The new rules were launched by the MSE on October 1, but out of the three banks and nine financial services providers eligible there is no sign that any will definitely come forward.

To be eligible, the entities must hold a Category 3 licence, meaning they must have an initial capital of €730,000. They must also maintain sufficient own funds to match or exceed their capital resources requirements.

The MSE Bye Law allows locally-licensed entities as well as those licensed by a competent European Economic Area authority with passporting rights.

A number of entities were asked whether they were interested in taking up this role and whether it would be for bonds, equities or government stocks – or all. They were also asked whether they would be interested in only acting as market-makers for specific equities or bonds – including their own where applicable.

HSBC Bank Malta sent a reply which was one step removed from a ‘no comment “HSBC Bank Malta is aware of the new policies issued by the MSE and continues to engage with the MSE on the matter.”

Bank of Valletta, on the other hand, confirmed that they were “evaluating all possible options in this regard”.

“The bank welcomes the launching of these rules which allow for the regulated entry of market making practitioners to the local equity and fixed-interest markets,” a bank spokesman said.

“Having procedures in place is necessary to ensure a level playing field and equips possible participants with the necessary tools to formulate a business case. The bank is currently evaluating all possible options in this regard.

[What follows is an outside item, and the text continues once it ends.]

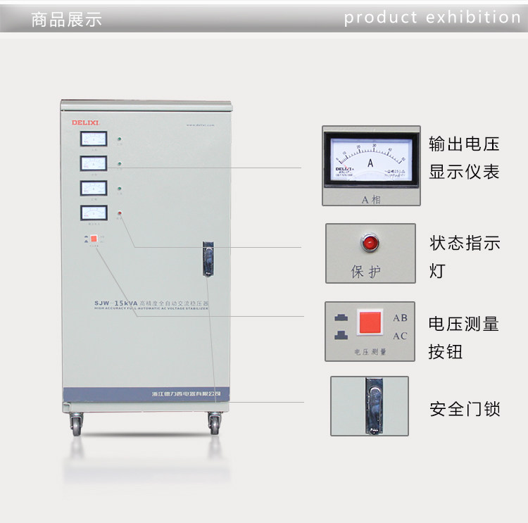 DJW-WB, SJW-WB серия, трехфазный микро-компьютер Бесконтактный стабилизатор напряжения компенсации, принятый монолитный процессор для контроля тисистора, чтобы компенсировать напряжение и достичь цели регулирования напряжения, он имеет преимущество высокой эффективности, энергосбережения, трехфазный сбалансированный автоматически и так далее.

“The Exchange will be retaining the current order driven market and simultaneously introduce the quote driven market on particular securities. The two are different market systems, independent of each other and only used concurrently (hybrid system) in highly liquid securities, such as equities in the FTSE 100 Index, and practically never in the bond markets.

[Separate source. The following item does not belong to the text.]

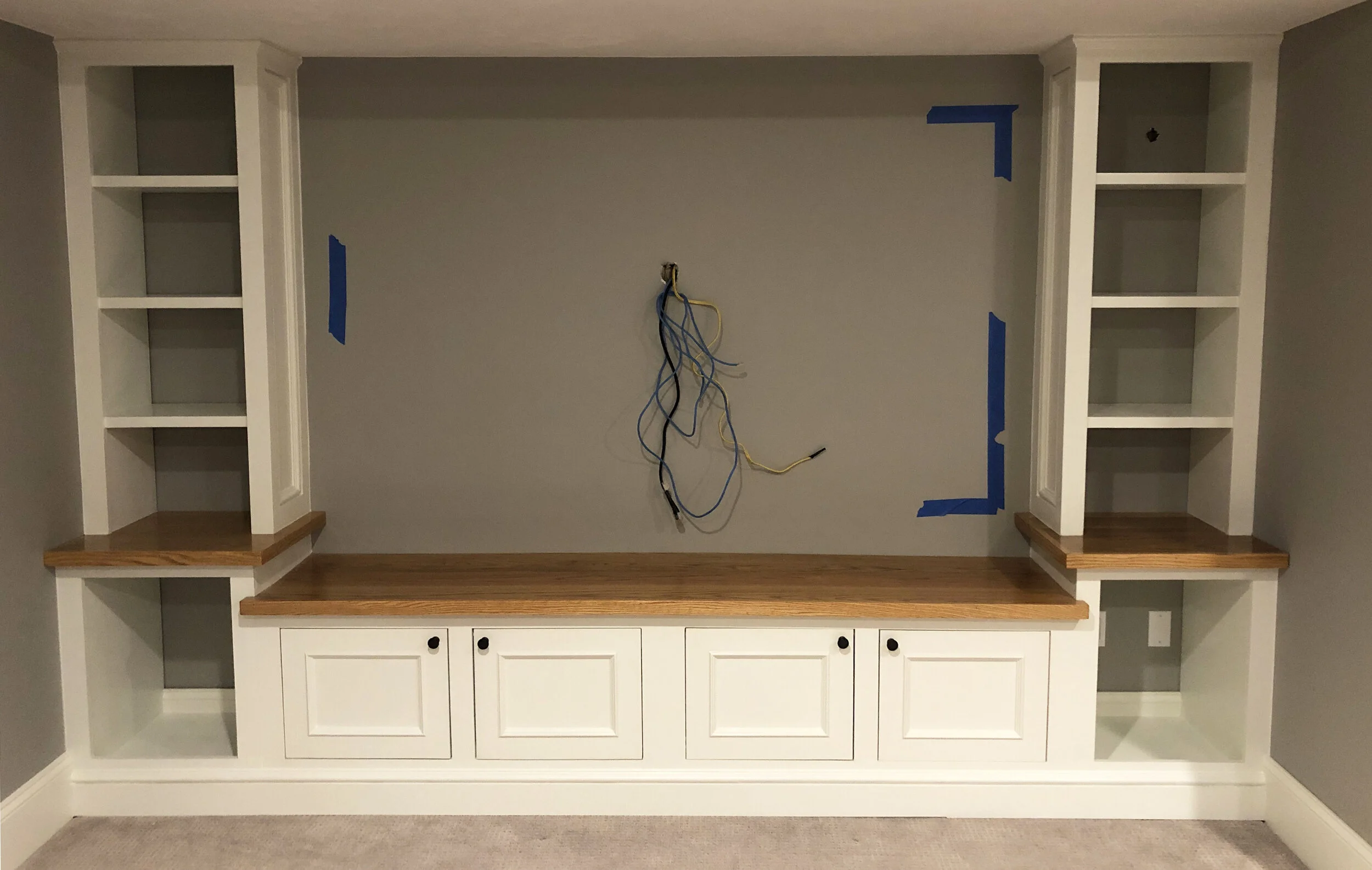 Custom cabinets and shelving, including an oak top finished to exactly match the client's floor

“The bank still needs to assess the impact of such a hybrid system on market-making practitioners, given the illiquid nature of all locally-traded securities. Furthermore the Exchange is not proposing any trade execution benefits to market making practitioners, in the form of liquidity rebates, as would be the norm inter­nationally. Further discussions are therefore required to arrive at an equitable solution. You will appreciate that a market-maker would aim to make money in both rising and falling markets by taking advantage of the spread offered. However, with the tariff structure and the hybrid system proposed, the profitable commercialisation of the activity for market-making practitioners is questionable.”

BoV said it would not rule out acting as market-maker in any category of security as long the operation was a viable one.

“The bank will be interested to act in such equities or bonds in line with our risk assessment on the individual security. It would also dependent on an efficient repo-market for bonds and the introduction of securities lending for equities.”